▸ **RECORDS SHOWN**:
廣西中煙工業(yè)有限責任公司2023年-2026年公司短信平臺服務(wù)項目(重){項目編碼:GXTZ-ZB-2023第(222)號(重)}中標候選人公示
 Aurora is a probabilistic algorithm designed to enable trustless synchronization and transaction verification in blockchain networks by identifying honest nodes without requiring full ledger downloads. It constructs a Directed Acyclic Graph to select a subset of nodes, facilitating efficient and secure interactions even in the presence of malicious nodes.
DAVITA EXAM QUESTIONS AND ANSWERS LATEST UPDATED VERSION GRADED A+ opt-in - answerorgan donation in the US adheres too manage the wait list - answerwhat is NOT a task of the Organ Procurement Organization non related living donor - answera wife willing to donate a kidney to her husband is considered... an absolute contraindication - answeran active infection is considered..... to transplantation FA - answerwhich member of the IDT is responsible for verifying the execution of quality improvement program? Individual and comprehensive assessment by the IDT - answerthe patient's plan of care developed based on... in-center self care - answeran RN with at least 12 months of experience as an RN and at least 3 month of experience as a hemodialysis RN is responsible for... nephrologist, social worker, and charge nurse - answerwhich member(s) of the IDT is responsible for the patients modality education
...
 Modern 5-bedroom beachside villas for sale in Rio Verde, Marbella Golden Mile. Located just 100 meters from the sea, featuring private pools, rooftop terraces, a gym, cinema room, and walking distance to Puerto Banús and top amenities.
==
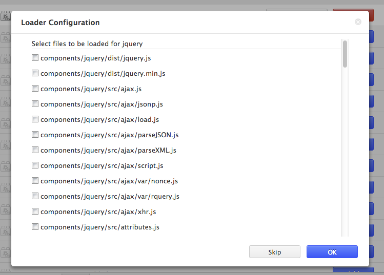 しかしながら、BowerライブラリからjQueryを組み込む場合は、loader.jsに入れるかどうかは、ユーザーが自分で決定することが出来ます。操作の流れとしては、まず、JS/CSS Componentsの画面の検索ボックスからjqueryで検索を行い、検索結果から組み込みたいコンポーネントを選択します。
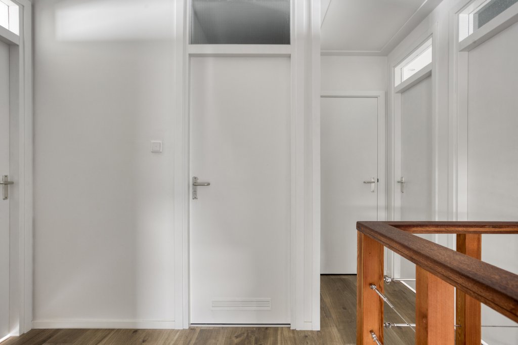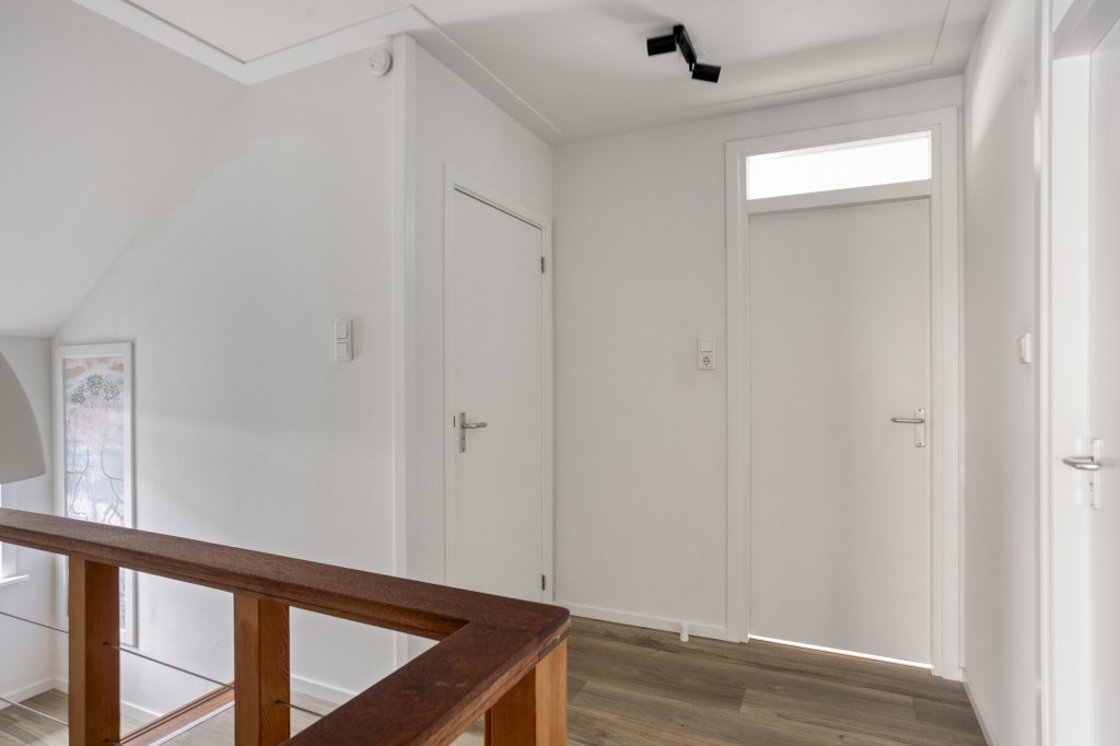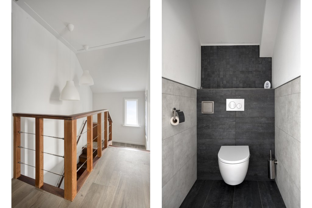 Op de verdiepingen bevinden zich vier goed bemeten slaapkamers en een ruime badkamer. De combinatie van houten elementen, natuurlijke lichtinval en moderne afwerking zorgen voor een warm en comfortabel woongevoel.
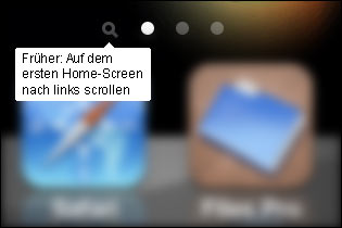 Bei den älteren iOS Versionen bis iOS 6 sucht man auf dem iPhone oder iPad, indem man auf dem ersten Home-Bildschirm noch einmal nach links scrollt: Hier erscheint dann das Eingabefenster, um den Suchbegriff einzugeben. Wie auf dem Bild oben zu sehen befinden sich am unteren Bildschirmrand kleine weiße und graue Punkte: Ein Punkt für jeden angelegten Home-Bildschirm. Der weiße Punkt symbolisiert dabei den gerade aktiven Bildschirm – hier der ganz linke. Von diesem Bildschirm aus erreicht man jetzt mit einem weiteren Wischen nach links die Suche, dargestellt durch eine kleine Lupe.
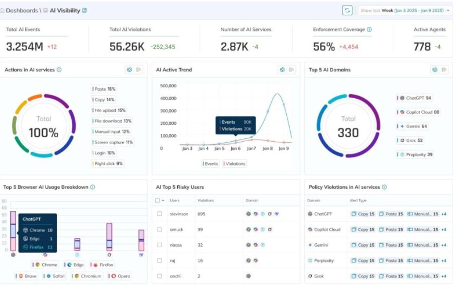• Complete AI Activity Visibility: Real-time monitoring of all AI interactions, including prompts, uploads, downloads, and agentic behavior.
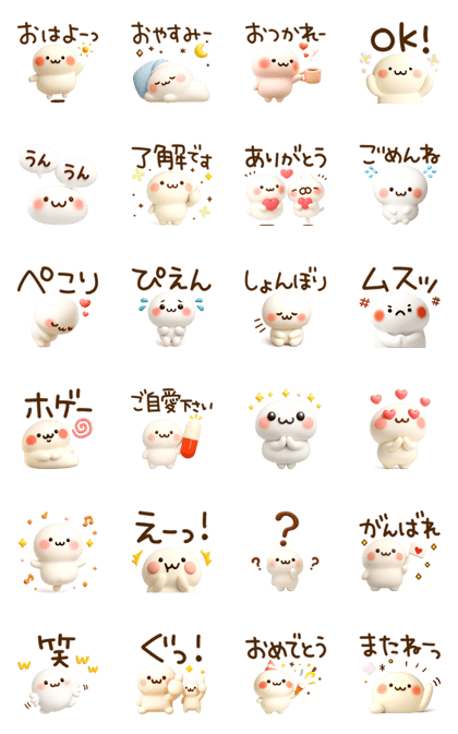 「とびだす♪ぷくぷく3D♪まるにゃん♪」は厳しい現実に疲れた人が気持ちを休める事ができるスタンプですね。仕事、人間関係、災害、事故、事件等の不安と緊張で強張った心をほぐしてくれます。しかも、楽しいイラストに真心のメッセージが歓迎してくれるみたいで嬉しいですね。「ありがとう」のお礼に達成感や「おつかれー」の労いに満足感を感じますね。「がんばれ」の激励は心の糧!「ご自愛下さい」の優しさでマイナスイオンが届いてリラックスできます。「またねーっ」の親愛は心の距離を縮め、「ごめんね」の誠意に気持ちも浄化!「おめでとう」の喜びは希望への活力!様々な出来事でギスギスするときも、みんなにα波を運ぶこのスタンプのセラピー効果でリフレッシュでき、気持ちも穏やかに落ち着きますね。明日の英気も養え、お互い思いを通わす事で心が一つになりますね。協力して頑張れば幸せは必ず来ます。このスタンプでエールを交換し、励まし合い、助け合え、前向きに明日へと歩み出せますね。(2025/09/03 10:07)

▸ **WORK TASK**: All lines above from the one holding "廣西中煙工業(yè)有限責任" to the one holding "Aurora is a", inclusive, are to be copied exactly; no other line is wanted.

▸ **RESPONSE TO THIS TASK**:
廣西中煙工業(yè)有限責任公司2023年-2026年公司短信平臺服務(wù)項目(重){項目編碼:GXTZ-ZB-2023第(222)號(重)}中標候選人公示
 Aurora is a probabilistic algorithm designed to enable trustless synchronization and transaction verification in blockchain networks by identifying honest nodes without requiring full ledger downloads. It constructs a Directed Acyclic Graph to select a subset of nodes, facilitating efficient and secure interactions even in the presence of malicious nodes.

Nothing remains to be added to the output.